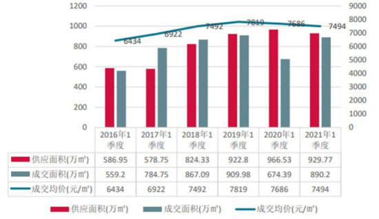 据中指研究院数据分析,2016年至2021年,广西土地市场规模整体持续上升,2021年一季度商品房供销是历史次高位。
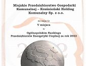 18.05.2022Miło nam poinformować, że Krośnieński Holding Komunalny po raz kolejny znalazł się w czołówce najlepszych przedsiębiorstw energetyki cieplnej w kraju i zajął 5. miejsce w Ogólnopolskim Rankingu Przedsiębiorstw Energetyki Cieplnej za rok 2022. -
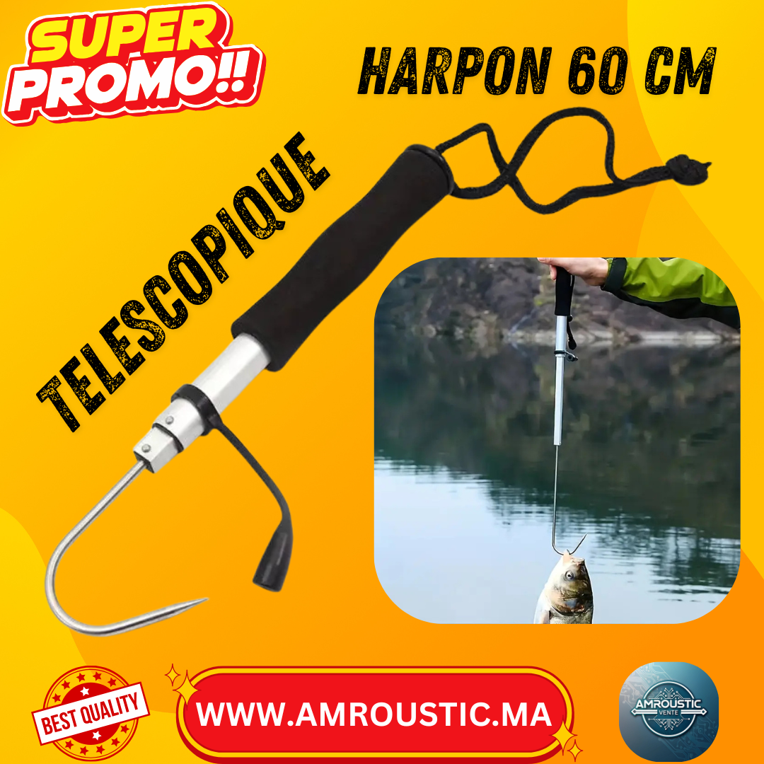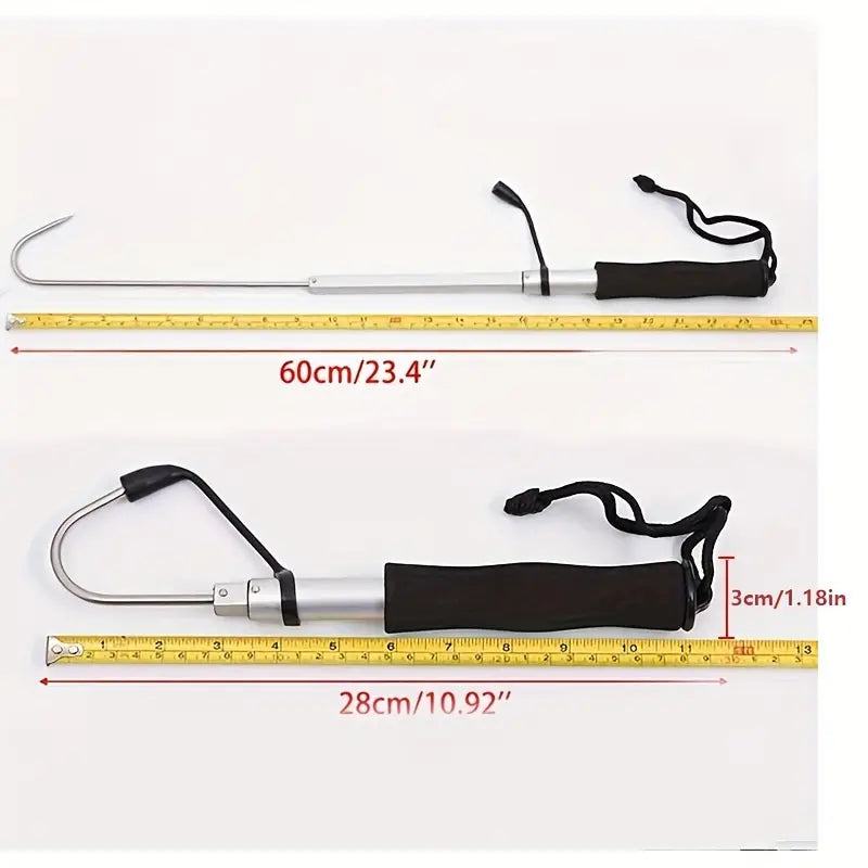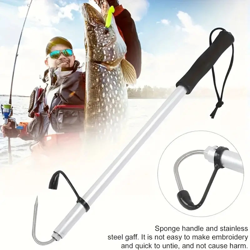 Crochet de pêche 60 CM télescopique en acier inoxydable avec manche antidérapant et dragonne de sécurité. Idéal pour sortir facilement vos prises de l’eau, cet outil robuste offre une excellente résistance à la corrosion et une bonne prise en main. Parfait pour la pêche en mer ou en eau douce.
══════
- _Exercise requirements_: Quote precisely the lines of the data from the line containing "18.05.2022Miło nam poinformować, że" through its final line, both included, excluding pictures.

- _Answer to this exercise_:
 18.05.2022Miło nam poinformować, że Krośnieński Holding Komunalny po raz kolejny znalazł się w czołówce najlepszych przedsiębiorstw energetyki cieplnej w kraju i zajął 5. miejsce w Ogólnopolskim Rankingu Przedsiębiorstw Energetyki Cieplnej za rok 2022. -
 Crochet de pêche 60 CM télescopique en acier inoxydable avec manche antidérapant et dragonne de sécurité. Idéal pour sortir facilement vos prises de l’eau, cet outil robuste offre une excellente résistance à la corrosion et une bonne prise en main. Parfait pour la pêche en mer ou en eau douce.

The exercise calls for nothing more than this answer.